*SOURCE MATERIAL*.
════════

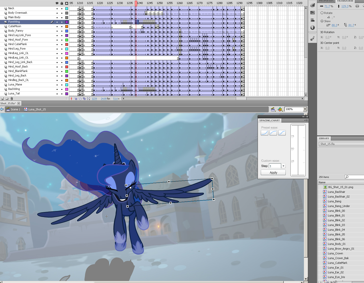 We did quite a nice amount of work today!  Plus I managed to finish an extra shot pertaining to Luna. It's the shot we refer to as 'Shot 8' where she makes a dive towards the camera.  Below is how as saw the sweet midnight-colored alicorn making sure nothing was out of place.
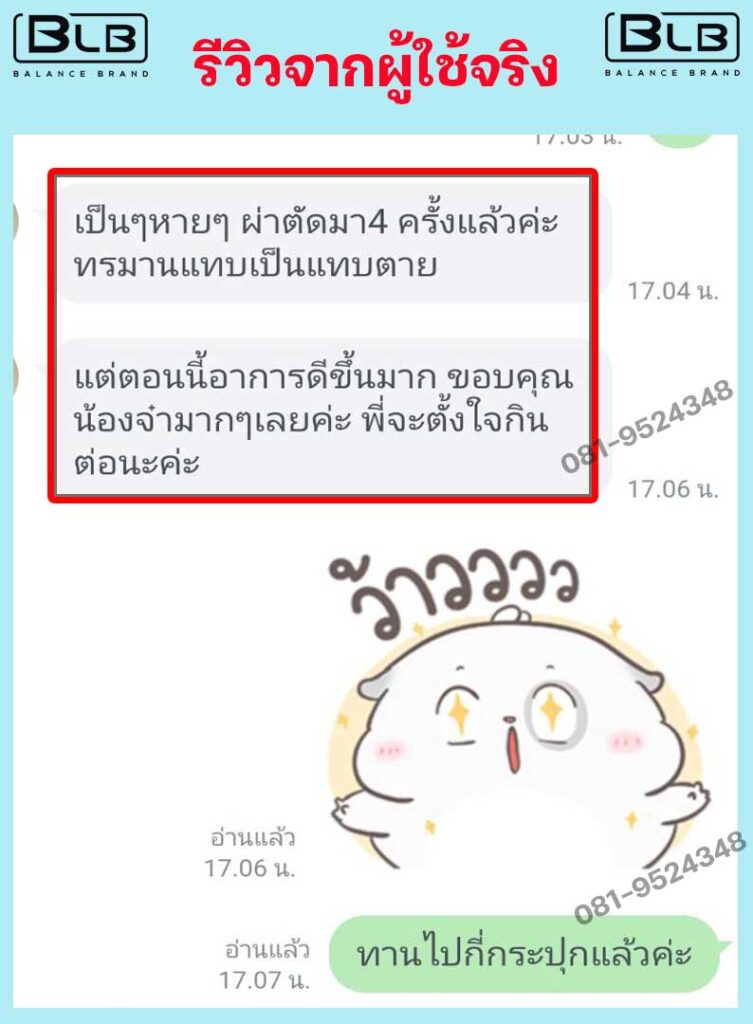 ตอนแรกยอมรับว่าไม่เชื่อครับ แต่ก็อดคิดไม่ได้ว่า ถ้ายังรักษาแบบเดิม ต้องได้ผ่าตัดแน่ๆ (ยังจำความเจ็บปวดตอนนั้นได้) ผมจึงหาข้อมูล BLB U ทาง Google เพิ่มและได้พบว่ามีรีวิวผู้ที่ทานแล้วอาการดีขึ้นเร็วเยอะมาก รวมถึงมีหมายเลข อย. และฮาลาลด้วย
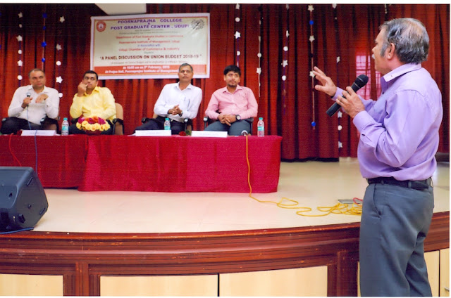 A Panel discussion on Union Budget 2018-19 Implication on different sectors by CA M.Sridhar Kamath, udupi, CA K Narasimha Kini Udupi, CA Krishna Acharya Udupi and Dr. Ganesh Bhat

════════

Print the material above word for word, and keep the pictures out of it.

*RESPONSE TO THE TASK*.
 We did quite a nice amount of work today!  Plus I managed to finish an extra shot pertaining to Luna. It's the shot we refer to as 'Shot 8' where she makes a dive towards the camera.  Below is how as saw the sweet midnight-colored alicorn making sure nothing was out of place.
 ตอนแรกยอมรับว่าไม่เชื่อครับ แต่ก็อดคิดไม่ได้ว่า ถ้ายังรักษาแบบเดิม ต้องได้ผ่าตัดแน่ๆ (ยังจำความเจ็บปวดตอนนั้นได้) ผมจึงหาข้อมูล BLB U ทาง Google เพิ่มและได้พบว่ามีรีวิวผู้ที่ทานแล้วอาการดีขึ้นเร็วเยอะมาก รวมถึงมีหมายเลข อย. และฮาลาลด้วย
 A Panel discussion on Union Budget 2018-19 Implication on different sectors by CA M.Sridhar Kamath, udupi, CA K Narasimha Kini Udupi, CA Krishna Acharya Udupi and Dr. Ganesh Bhat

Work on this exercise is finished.